(About this task) The material below should be copied line for line, please, with pictures omitted.

(Input data)
═══
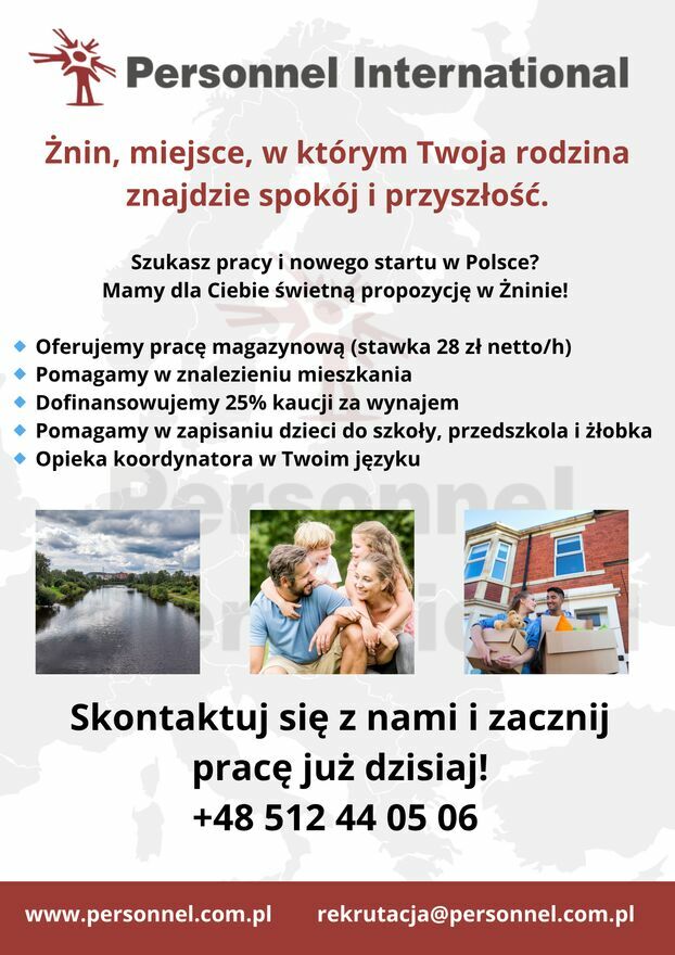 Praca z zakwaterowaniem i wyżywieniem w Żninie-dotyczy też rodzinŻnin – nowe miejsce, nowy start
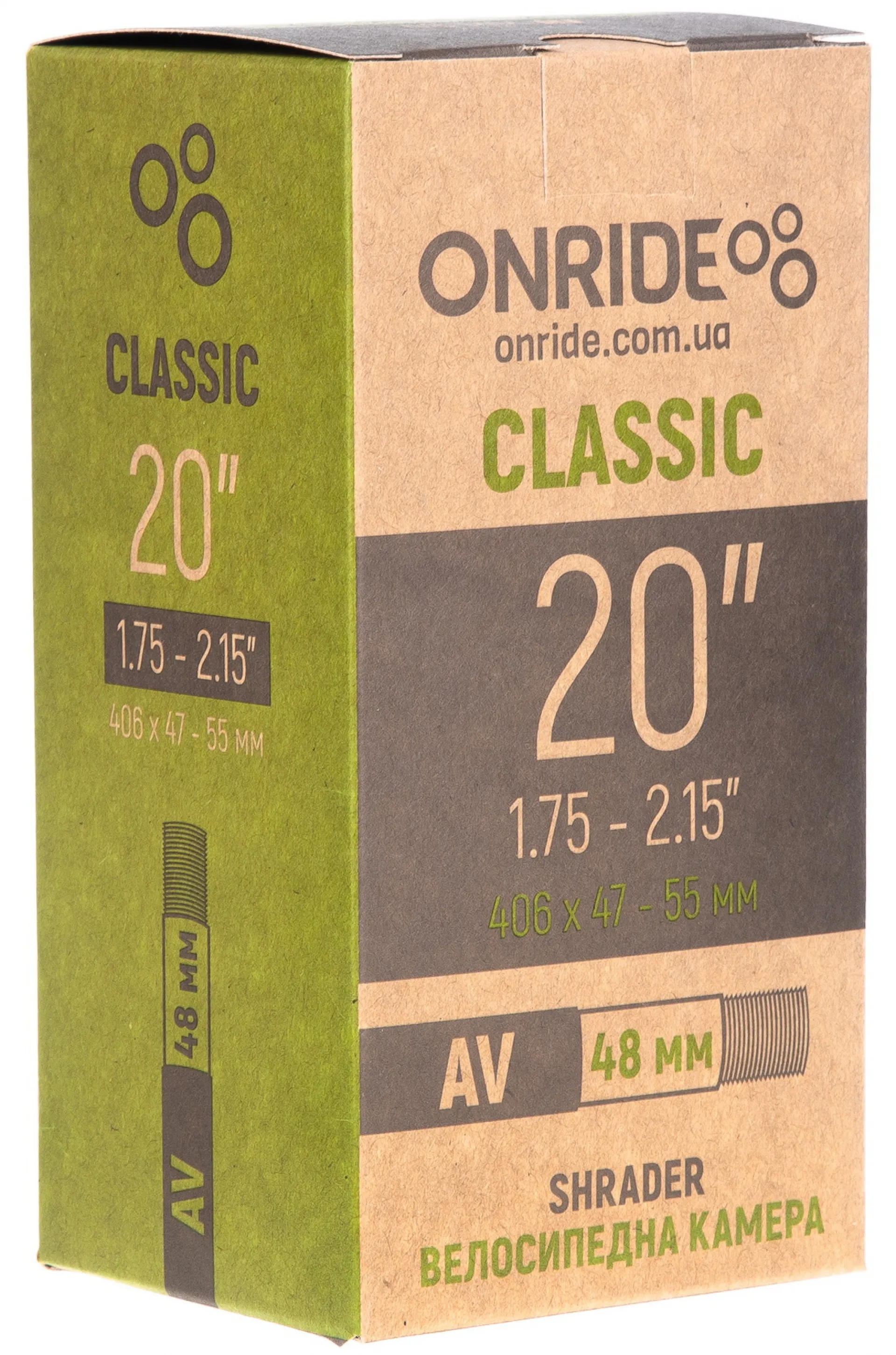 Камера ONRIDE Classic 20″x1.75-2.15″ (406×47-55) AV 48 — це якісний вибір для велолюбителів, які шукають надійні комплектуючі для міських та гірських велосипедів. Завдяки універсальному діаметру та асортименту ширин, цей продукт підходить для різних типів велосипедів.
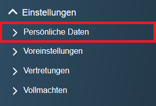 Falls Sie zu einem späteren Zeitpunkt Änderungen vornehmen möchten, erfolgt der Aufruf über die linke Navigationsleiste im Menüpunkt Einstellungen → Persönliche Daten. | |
═══
(Answer section)
 Praca z zakwaterowaniem i wyżywieniem w Żninie-dotyczy też rodzinŻnin – nowe miejsce, nowy start
 Камера ONRIDE Classic 20″x1.75-2.15″ (406×47-55) AV 48 — це якісний вибір для велолюбителів, які шукають надійні комплектуючі для міських та гірських велосипедів. Завдяки універсальному діаметру та асортименту ширин, цей продукт підходить для різних типів велосипедів.
 Falls Sie zu einem späteren Zeitpunkt Änderungen vornehmen möchten, erfolgt der Aufruf über die linke Navigationsleiste im Menüpunkt Einstellungen → Persönliche Daten. | |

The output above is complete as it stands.